[docs] Add Documentation for Fluss Java Client (apache#734)

polyzos · polyzos · commit 7a9611f5f88f · 2025-04-27T18:14:03.000+03:00
diff --git a/website/docs/apis/_category_.json b/website/docs/apis/_category_.json
@@ -0,0 +1,4 @@
+{
+  "label": "Fluss APIs",
+  "position": 9
+}
diff --git a/website/docs/apis/java-client.md b/website/docs/apis/java-client.md
@@ -0,0 +1,229 @@
+---
+sidebar_label: "Java Client"
+sidebar_position: 1
+---
+
+<!--
+ Copyright (c) 2025 Alibaba Group Holding Ltd.
+
+ Licensed under the Apache License, Version 2.0 (the "License");
+ you may not use this file except in compliance with the License.
+ You may obtain a copy of the License at
+
+      http://www.apache.org/licenses/LICENSE-2.0
+
+ Unless required by applicable law or agreed to in writing, software
+ distributed under the License is distributed on an "AS IS" BASIS,
+ WITHOUT WARRANTIES OR CONDITIONS OF ANY KIND, either express or implied.

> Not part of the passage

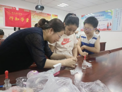 社员、副教授朱小红与小学员们一起探索生活中化学,她从孩子们喝的汽水、吃的老面馒头、冷藏食品和人工降雨用的干冰、灭火用的灭火器等身边的事物引入二氧化碳的神奇作用。通过“泡沫喷泉”和“瓶子吹气球”两个有趣的化学小实验,让孩子们自己动手操作,充分感受化学神奇的魅力,激发了同学们的科学热情。

+ See the License for the specific language governing permissions and
+ limitations under the License.
+-->
+
+# Fluss Java Client
+## Overview
+Fluss `Admin` API that supports asynchronous operations for managing and inspecting Fluss resources. It communicates with the Fluss cluster and provides methods for:
+
+* Managing databases (create, drop, list)
+* Managing tables (create, drop, list)
+* Managing partitions (create, drop, list)
+* Retrieving metadata (schemas, snapshots, server information)
+
+Fluss `Table` API allows you to interact with Fluss tables for reading and writing data.
+## Dependency
+In order to use the client, you need to add the following dependency to your `pom.xml` file.
+
+```xml
+<!-- https://mvnrepository.com/artifact/com.alibaba.fluss/fluss-client -->
+<dependency>
+    <groupId>com.alibaba.fluss</groupId>
+    <artifactId>fluss-client</artifactId>
+    <version>0.6.0</version>
+</dependency>
+```
+
+## Initialization
+
+`Connection` is the main entry point for the Fluss Java client. It is used to create `Admin` and `Table` instances.
+The `Connection` object is created using the `ConnectionFactory` class, which takes a `Configuration` object as an argument.
+The `Configuration` object contains the necessary configuration parameters for connecting to the Fluss cluster, such as the bootstrap servers.
+
+The `Connection` object is thread-safe and can be shared across multiple threads. It is recommended to create a
+single `Connection` instance per application and use it to create multiple `Admin` and `Table` instances.
+`Table` and `Admin` instances, on the other hand, are not thread-safe and should be created for each thread that needs to access them.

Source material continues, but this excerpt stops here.